Information to Distributors
Solely for the purposes of the product governance requirements contained within: (a) Directive 2014/65/EU of the European Parliament and of the Council of 15 May 2014 on markets in financial instruments and amending Directive 2002/92/EC and Directive 2011/61/EU ("EUMiFID") and Regulation (EU) No 600/2014 of the European Parliament and the Council of 15 May 2014 on markets in financial instruments and amending Regulation (EU) Management Engagement Committee No 648/2012 (together with EU MiFID, "EU MiFID II"), as amended from time to time; (b) the UK's implementation of EU MiFID II, as amended ("UK MiFID II"); (c) Articles 9 and 10 of Commission Delegated Directive (EU) 2017/593 supplementing EU MiFID II; and (d) the UK's implementation of Articles 9 and 10 of Commission Delegated Directive (EU) 2017/593 supplementing UK MiFID II, and in particular Chapter 3 of the Product Intervention and Product Governance Sourcebook of the FCA (together, the "MiFID II Product Governance Requirements"), and disclaiming all and any liability, whether arising in tort, contract or otherwise, which any "manufacturer" (for the purposes of the MiFID II Product Governance Requirements) may otherwise have with respect thereto, the Ordinary Shares have been subject to a product approval process, which has determined that such securities are: (i) compatible with an end target market of retail investors and investors who meet the criteria of professional clients and eligible counterparties, each as defined in EU MiFID II or UK MiFID II (as applicable); and (ii) eligible for distribution through all distribution channels as are permitted by EU MiFID II or UK MiFID II (the "Target Market Assessment").
Notwithstanding the Target Market Assessment, distributors (such term to have the same meaning as in the MiFID II Product Governance Requirements) should note that: the price of the Ordinary Shares may decline and investors could lose all or part of their investment; the Ordinary Shares offer no guaranteed income or capital protection; and an investment in the Ordinary Shares is compatible only with investors who do not need a guaranteed income or capital protection, who (either alone or in conjunction with an appropriate financial or other adviser) are capable of evaluating the merits and risks of such an investment and who have sufficient resources to be able to bear any losses that may result therefrom. The Target Market Assessment is without prejudice to the requirements of any contractual, legal or regulatory selling restrictions in relation to the Initial Issue and/or the Share Issuance Programme. Furthermore, it is noted that, notwithstanding the Target Market Assessment, the Joint Bookrunners will only procure investors (pursuant to the Initial Placing and/or any Subsequent Placing) who meet the criteria of professional clients and eligible counterparties.

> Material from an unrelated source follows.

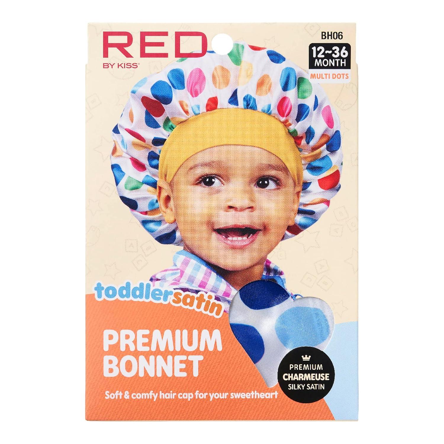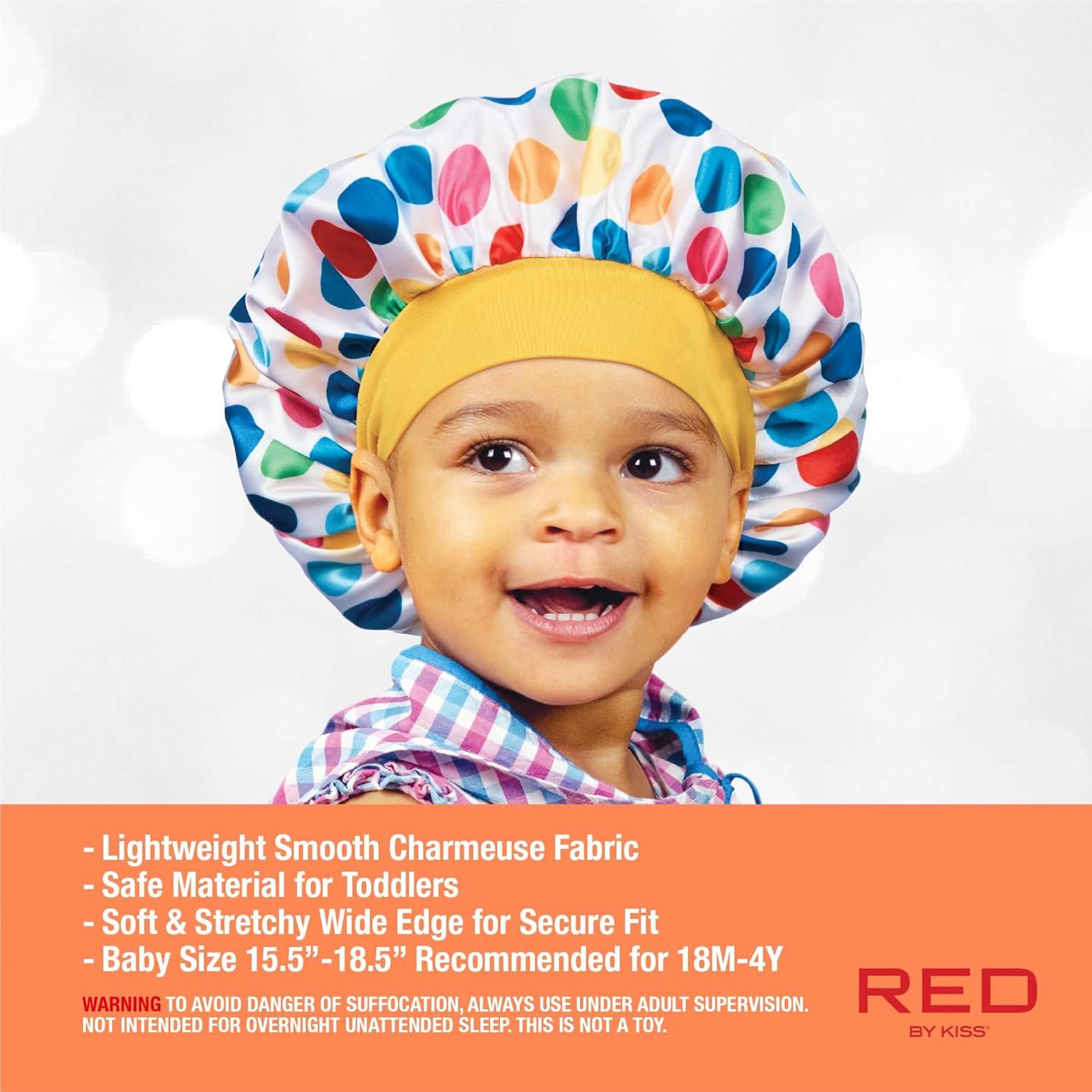 Red by Kiss Kids Satin Bonnet Sleep Cap Reversible Hair Bonnet for Boys and Girls Sleeping Night Silk Sleep Cap (Heart) Multi Color(Polka Dot)

For the avoidance of doubt, the Target Market Assessment does not constitute: (a) an assessment of suitability or appropriateness for the purposes of EU MiFID II or UK MiFID II; or (b) a recommendation to any investor or group of investors to invest in, or purchase, or take any other action whatsoever with respect to the Ordinary Shares.
Each distributor is responsible for undertaking its own target market assessment in respect of the Ordinary Shares and determining appropriate distribution channels.